Certainly in recent years, the term art has been abused endlessly. If you look at popular culture of the last century, it'd be very difficult to say much of any it is art. Though maybe, the correct radical answer is, it all is. Another question, how much of it will be remembered a century from now, almost none.
By one definition, art is work that both defines its times and transcends them, such as an ancient Greek sculpture or a Renaissance painting. By that definition, art that best represents American industrial culture is Andy Warhol's.
Warhol was born Pittsburgh in the late 1920s. No city and time better defined American industrialism. The son of poor East European immigrants, he remained until he died a practicing Eastern Catholic, some very dark stuff, a good spiritual match for east Pennsylvania's smokestack painted obscured skies. He also carried a small “d” democratic ethos. All characteristics that influenced his work.
Growing up in Pittsburgh, he’d visit the Heinz food factory. His public breakthrough came with his reproduction paintings of Campbell Soup labels, Coca Cola bottles, and Brillo box sculptures, art replications of industrial products.
While doing these works, he learned the silkscreen production process, which he used the rest of his life. Initial works consisted of black and white photographs of news and popular culture screened with various colors. Most interesting, while the Coke bottle and soup label paintings were precise replicas, the numerous silkscreens productions of any specific subject were all a little different, one might say organic.
At the time, much of this work was dismissed derogatorily as “Pop,” not really art. Maybe their greatest offense was the works’ inherent questioning of the long accepted value of virtuosity of technique as art. Is there anything more technically skilled than a machine stamping out the exact same product?
Many of Warhol's works are better appreciated looking at them together. You can better sense their repetitive mass industrial nature aside their individuality. Most striking is their semblance to that great cultural definer of the industrial era, film. Many of his works resemble snippets of film, a half dozen or dozen frames each of slightly varying colors and shades. These works clearly demonstrate one of Warhol's first influences, Walt Disney’s animations. Afterwards, he spent a few years making movies, years later amusingly commenting on the movies, “They're better to talk about than watch.”
His studio in the 1960s was dubbed The Factory, a former hat manufacturing space in Manhattan. It was literally an open house, a democratic forum, where upper eastside socialites, the latest mass produced media celebrities, models, business people, and downtown down and out druggies mingled and lingered, opera the ambient music.
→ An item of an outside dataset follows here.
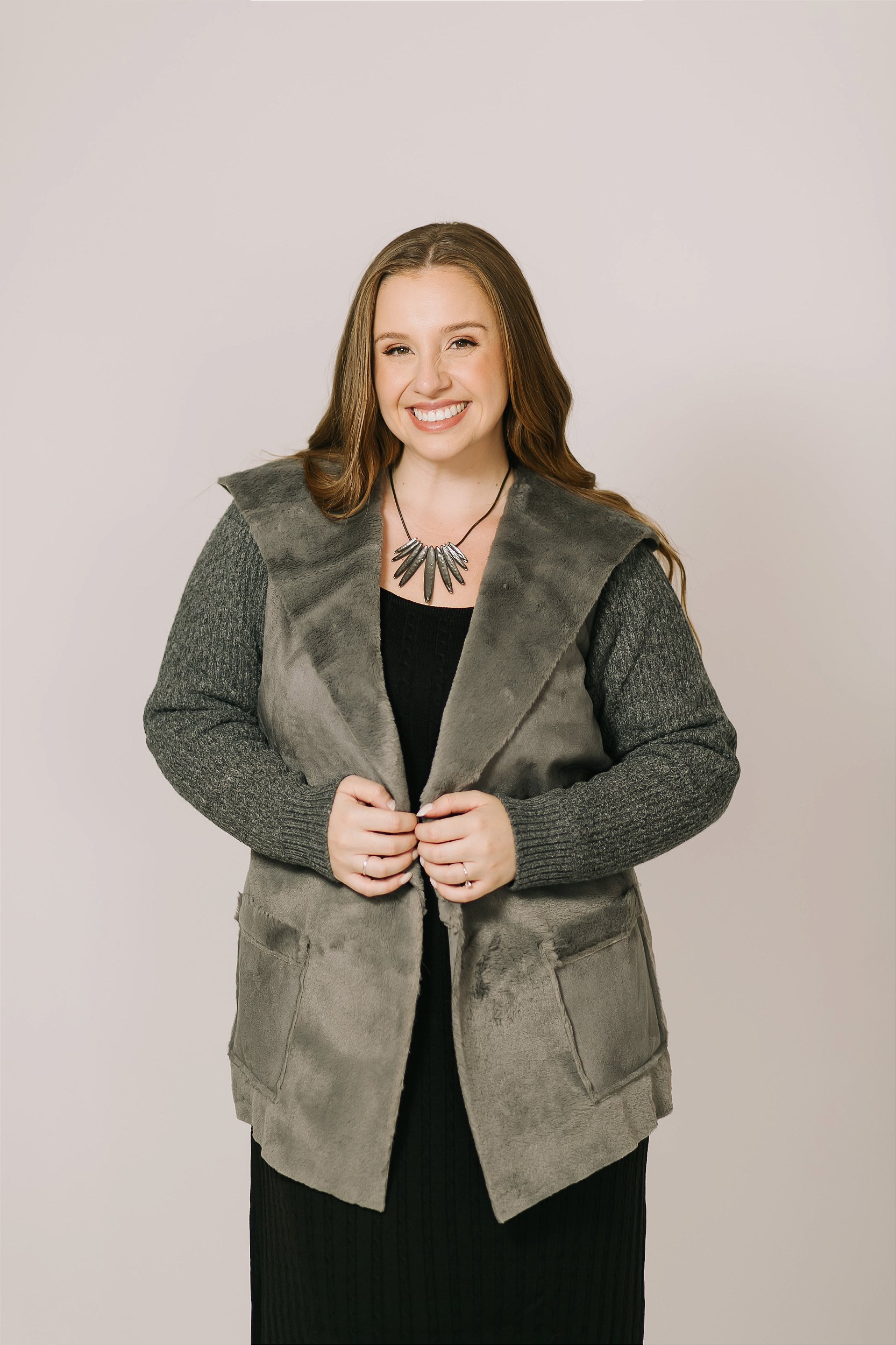 A modelagem sem fechamento reforça a versatilidade, permitindo sobreposições práticas e elegantes, enquanto os bolsos frontais adicionam funcionalidade ao dia a dia. Ideal para composições urbanas e modernas, é aquele tipo de peça que se impõe com suavidade: presença forte, sem excessos.
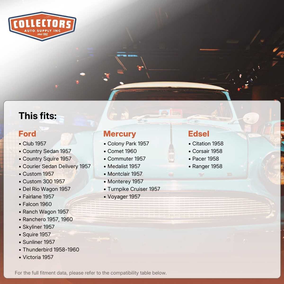 This auto part is covered by Collectors Auto Supply's three-dimensional promise — you'll get the right part the first time, you can talk to us, and with over 25 years in business and 100,000+ customer transactions, you can trust us to be the right choice to fuel your passion.

Warhol dabbled in music, rock and roll music, which is best defined as the first mass produced electric music. He produced the first Velvet Underground album, electric it is. The Velvet's main song writer, Lou Reed said, Andy's production consisted of being in the studio so when the record company people complained, wanting to change the grating sounds they were hearing, Warhol would answer, “Oh no, that's great.”
In the 1970s, Warhol turned to the oldest artist money making scheme, portraits of the rich and famous.
The repetition in Warhol’s works is obviously industrial, less obvious, though still very much so, Catholic, for which repetition is essential too. In The Factory, work was the main mantra, again an essential ethos of both. Warhol's art and life betray a certain democratic aesthetic. He thought the world would be a much better place if everyone looked the same – industrial democracy.
A decade before he died, he was asked if he believed in the American Dream, which Warhol was the definition. He replied, “I don’t, but I think we can make some money out of it.” No artist ever better represented the era they lived.